Les experts en commerce ont déclaré que le marché unique offrait également aux investisseurs des économies d’échelle potentielles, leur permettant, en théorie, de fabriquer des marchandises dans un pays et de les exporter en franchise de droits vers l’ensemble du continent. Jeffrey Peprah, directeur général de Volkswagen au Ghana, a annoncé qu’il espérait exporter à terme les voitures assemblées à Accra vers d’autres pays d’Afrique de l’Ouest.
La mise en conformité des lois prendra du temps
Mene a averti qu’il faudrait peut-être des années pour mettre les lois des pays en conformité avec les nouvelles exigences. L’Éthiopie, par exemple, a interdit les investissements étrangers dans son secteur financier, ce qui constitue une violation potentielle des règles de la Zlecaf, a-t-il affirmé.
En conséquence, le secrétariat pourrait voir déferler une vague de contestations juridiques émanant des pays au nom de leurs entreprises, a-t-il assuré.
« Je ne dis pas que les pays doivent se précipiter pour régler leurs différends. Tout ce que je dis, c’est que s’ils le font, la jurisprudence apportera de la clarté à l’ensemble du droit commercial que nous avons développé sous la forme de cet accord ».

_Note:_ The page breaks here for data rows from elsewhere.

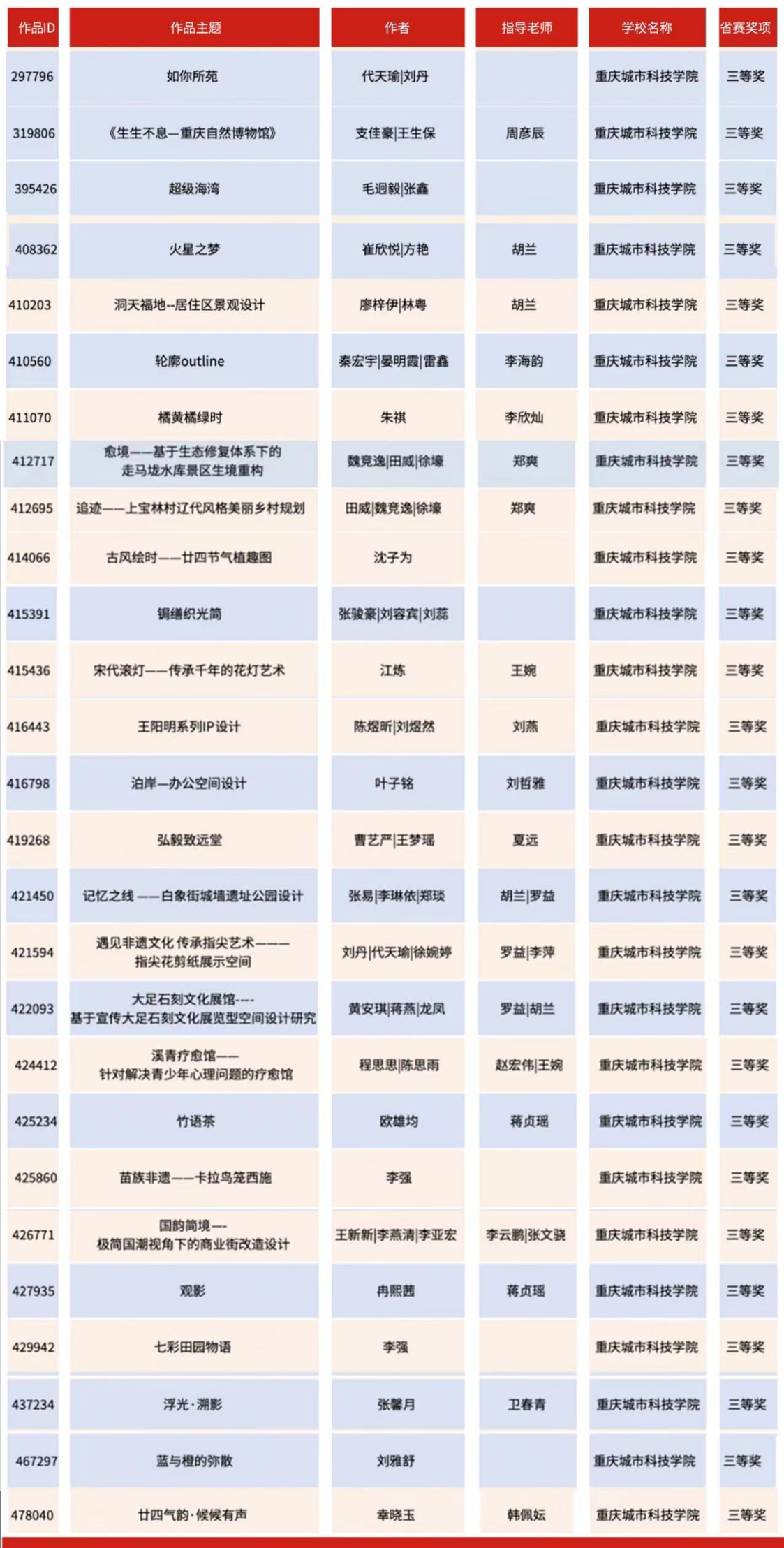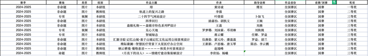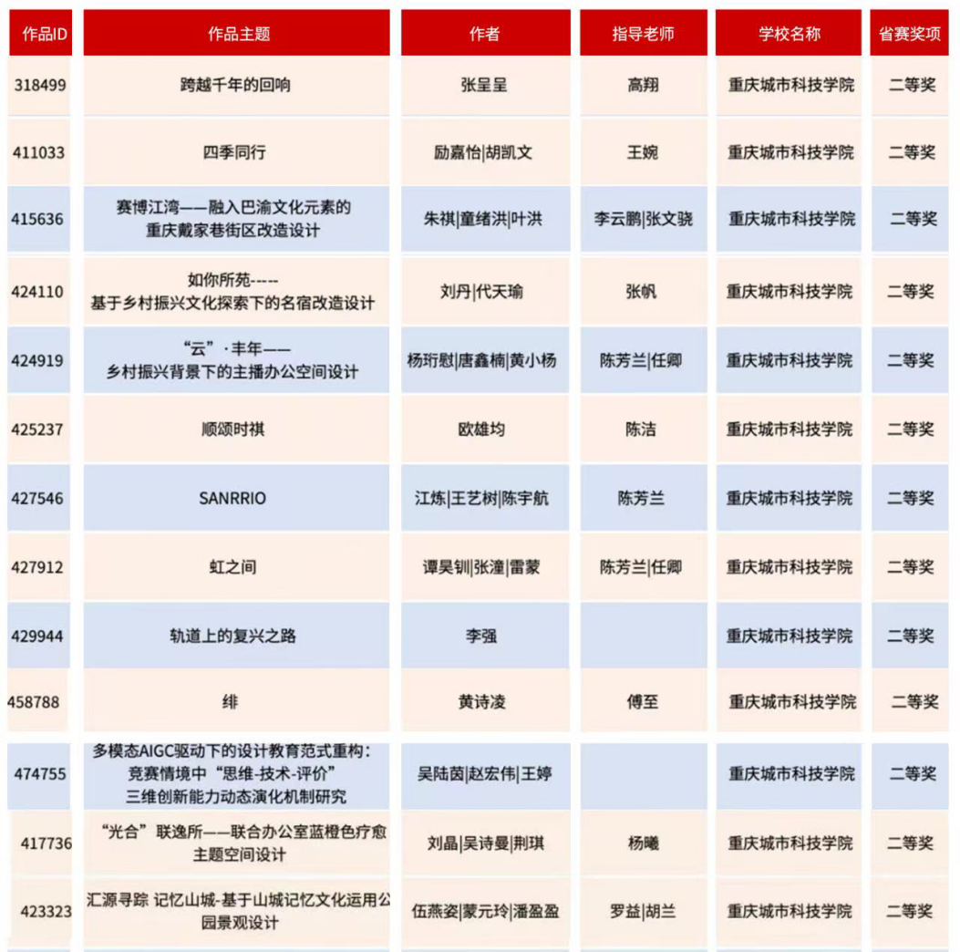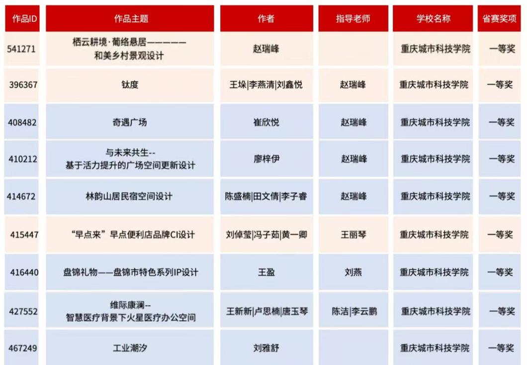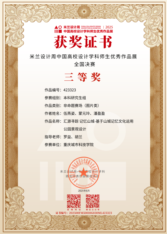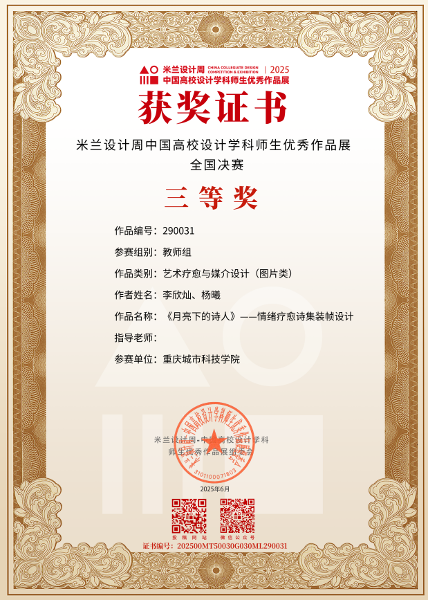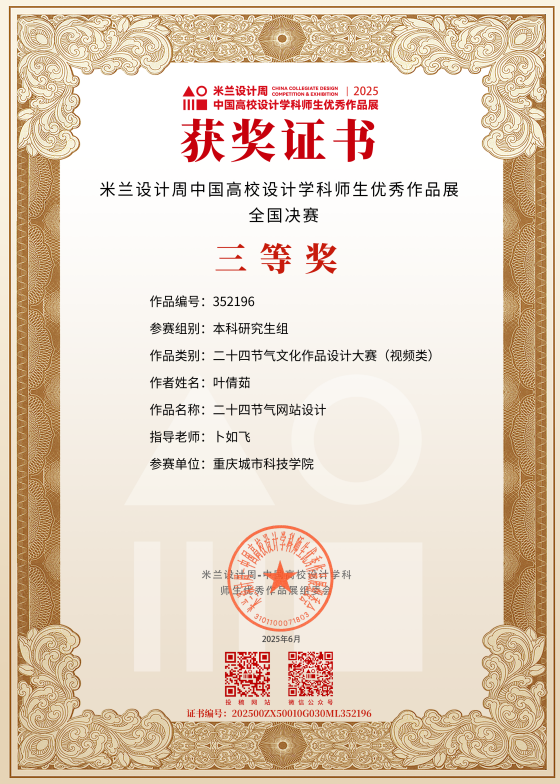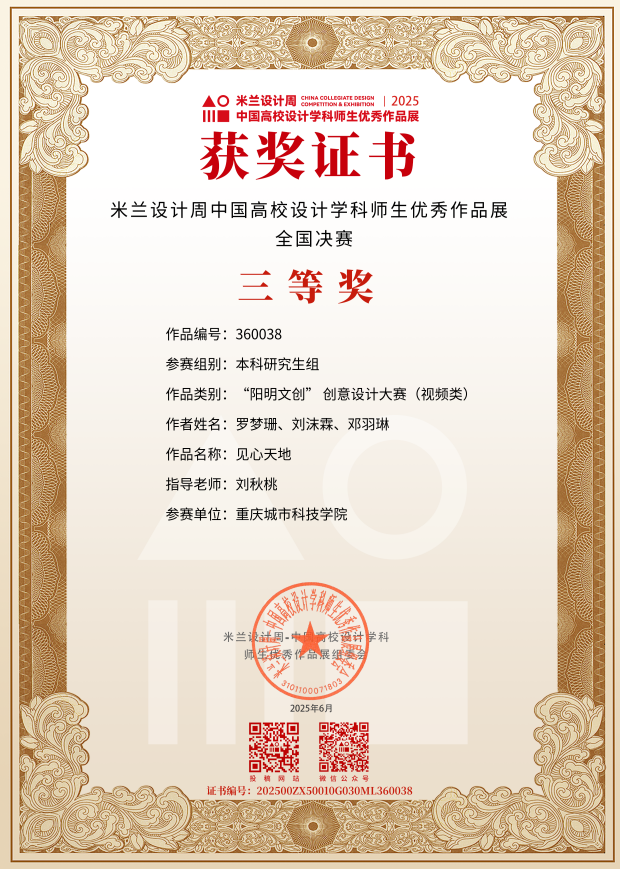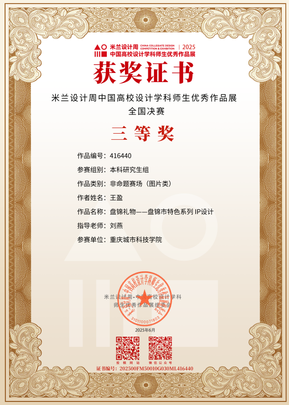近日,教育部白名单赛事“米兰设计周(第九届)-中国高校设计学科师生优秀作品展”全国总决赛获奖名单正式公布。ballBET贝博BB艾弗森艺术与传媒学院师生作品经过校级选拔、市级评审,最终在全国总决赛的激烈角逐中脱颖而出,共斩获奖项11项,其中,全国总决赛一等奖1项、二等奖1项、三等奖9项。在重庆赛区获奖49项,荣获省赛一等奖9项、二等奖13项、三等奖27项。国赛、市赛获奖总数及获奖等级均创历年新高。 赛事简介 米兰设计周-中国高校设计学科师生优秀作品展 (Milan Design Week China Collegiate Design Competition & Exhibition) 是由中国教育国际交流协会、中国高等教育学会于2016至2019年期间联合发起并主办的中国高校设计创新实践大赛暨米兰作品展系列活动。赛事旨在真实反映新时代背景下我国设计学科教学水平的现状和教学成果,为全国艺术学科师生搭建展示专业才华和创作水平的国际化交流学习平台。赛事迄今已成功举办8届,总计收到全国1300多所高校师生报名作品38万余件,其中在米兰展出优秀作品1400余件,有效支持国内外院校共享和对比教学成果,积极推动我国高等艺术教育的交流与进步。 国赛获奖名单 重庆赛区获奖名单(下滑) 全国一等奖获奖作品展示 作者姓名:黄诗凌 作品名称:《绯》 指导老师:傅至 全国三等奖获奖作品展示(部分) 作者姓名:王盈 作品名称:盘锦礼物——盘锦市特色系列IP设计 指导老师:刘燕 作者姓名:叶倩茹 作品名称:二十四节气网站设计 指导老师:卜如飞 作者姓名:伍燕姿、蒙元玲、潘盈盈 作品名称:汇源寻踪 记忆山城-基于山城记忆文化运用公园景观设计 指导老师:罗益、胡兰 作者姓名:王新新、卢思楠、唐玉琴 作品名称:维际康澜--智慧医疗背景下火星医疗办公空间 指导老师:陈洁、李云鹏 国赛获奖证书展示 此次丰硕的获奖成果,不仅是对ballBET贝博BB艾弗森学子专业水平与创新能力的充分认可,也是ballBET贝博BB艾弗森坚持“以赛促学、以赛促教”育人理念,持续优化学科布局、深化实践教学改革的生动体现。展望未来,ballBET贝博BB艾弗森将进一步推动教育教学与前沿技术融合发展,拓展高水平竞赛与创新实践平台,强化学生专业能力与综合素养的协同提升,努力培养更多具备扎实功底、创新意识和跨学科视野的高素质设计人才。(许睿/图 许睿/文 传媒中心 易雪/编辑) 图/文 许睿
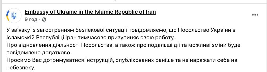Посольство Украины в Иране приостановило работу. Такое решение было принято в связи с обострением ситуации безопасности в Иране. На какой срок, пока неизвестно.
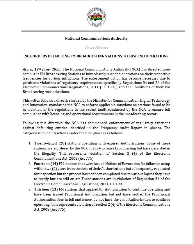The statement says a recent audit by the NCA – backed by a ministerial directive – revealed widespread non-compliance, prompting the suspension aimed at restoring order and adherence to broadcasting standards.

Établir une plateforme commerciale panafricaine
Pour que l’accord fonctionne, un diplomate occidental a déclaré que la Zlecaf doit profiter aux producteurs des petits pays pauvres ainsi qu’à ceux des régions plus industrialisées du continent. De nombreux pays voient la zone de libre-échange comme un moyen de stimuler leurs exportations, mais peu d’entre eux ont adopté le corollaire qui consiste à importer davantage.
M. Mene a expliqué que le secrétariat travaillait avec Afreximbank pour établir une plateforme commerciale panafricaine afin de permettre aux petites entreprises de commercer efficacement à travers les frontières et dans différentes devises. « Souvent, dans les accords commerciaux, les grands gagnants sont les pays déjà industrialisés et les grandes entreprises qui peuvent accéder aux nouveaux marchés littéralement du jour au lendemain », a-t-il déclaré.
Si la Zlecaf crée trop de perdants et pas assez de gagnants, M. Mene a déclaré qu’il pourrait y avoir un retour de bâton contre le libre-échange comme cela s’est produit aux États-Unis et dans certaines parties de l’Europe. Alors les Africains aussi concluraient, a-t-il dit, que « ces accords commerciaux ne fonctionnent pas ».